With a special transparency that can be hung in a window, they can even get the effect of light pouring through colored glass. The Dubuque millennium print was such a success a year ago, that Gary Olsen and the Parks brothers didn't hesitate when asked to tackle a print featuring Dubuque's stained glass windows.
Last year, Olsen, an artist and public information/multimedia communications coordinator for the Dubuque school district, with help from Bryce Parks, put together a digital collage of 20th century Dubuque memorabilia. It was a companion piece to the Millennium Ball, organized by Brad and Bryce Parks. "We met a ton of people and had a good time last year," Bryce said. "We thought we should do something like this again."
Jeff Mozena, president of Premiere Bank in Dubuque and a member of the Maria House Board, came up with the idea of a Dubuque stained glass retrospective. The print, calendar and transparency are a fund-raiser for the emergency/transitional housing facility for women and children. "We're hoping this will raise about $10,000 for Maria House," Brad said. His role is to oversee the management details. Brad, an underwriter, said his job was easy - signing on sponsors. The principal sponsor is Eagle Window and Door.
Bryce operates Dubuque365.com, a Dubuque Web site featuring a calendar of events, and Parks Media Group. Olsen said the first task in putting the project together four months ago was to send letters to 20 local churches with notable stained glass windows. "We said, basically, we like your window, and we'd like to include it in this project," he said. "We promised they would be under no obligation, just that we'd like to photograph the windows and talk to somebody about the history." Half the churches responded immediately.
"Either they wanted more information or they said where do we sign," he said. Olsen and Bryce were looking for a variety of windows. "It wasn't a contest," Olsen said. "We were looking for examples of design styles." And they got them, including art deco, art nouveau and modern.
The oldest was a collection of five Tiffany windows at St. John Episcopal Church. The most celebrated are the Tiffany windows at St. Luke's Methodist. But Olsen said his favorite is the Bavarian glass at St.
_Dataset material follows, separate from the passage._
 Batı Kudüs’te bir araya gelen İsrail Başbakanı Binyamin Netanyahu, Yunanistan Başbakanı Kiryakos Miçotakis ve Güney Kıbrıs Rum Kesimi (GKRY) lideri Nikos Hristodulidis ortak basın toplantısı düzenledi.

Mary's Catholic Church, depicting the sacred mysteries of the rosary.
"It's stories about Mary," he said. "They're just fabulous." The windows were commissioned in Germany just before the outbreak of World War I. Somehow the Bavarian glassmakers got the windows shipped out in 1914, in spite of the war.
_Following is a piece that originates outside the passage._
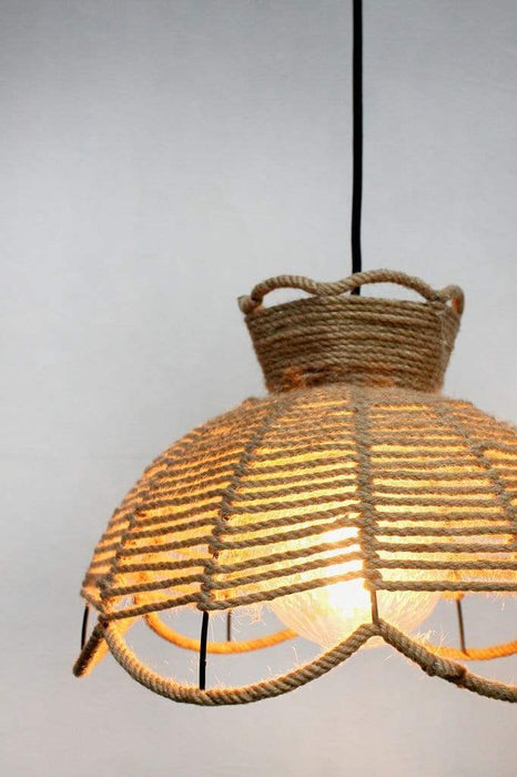 - The shades are made from linen rope that is woven and threaded around a black metal frame.

Many of the windows chosen for the print were made locally, at Dubuque Art Glass. A few are in homes, including the window panels in Bryce's front door, across the street from St. Raphael Cathedral.
"The great thing about shooting the pictures," Bryce said, "is that we did everything digitally, so we could see the images right away and usually knew if we had what we needed." They praised the process of collaboration and the efforts of their printer, Union-Hoermann Press.
They learned a lot, they said, from the millennium print experience, but found themselves pulling an all-nighter to get everything to the printer on time. It happened to be election night, so they worked and watched the returns all night.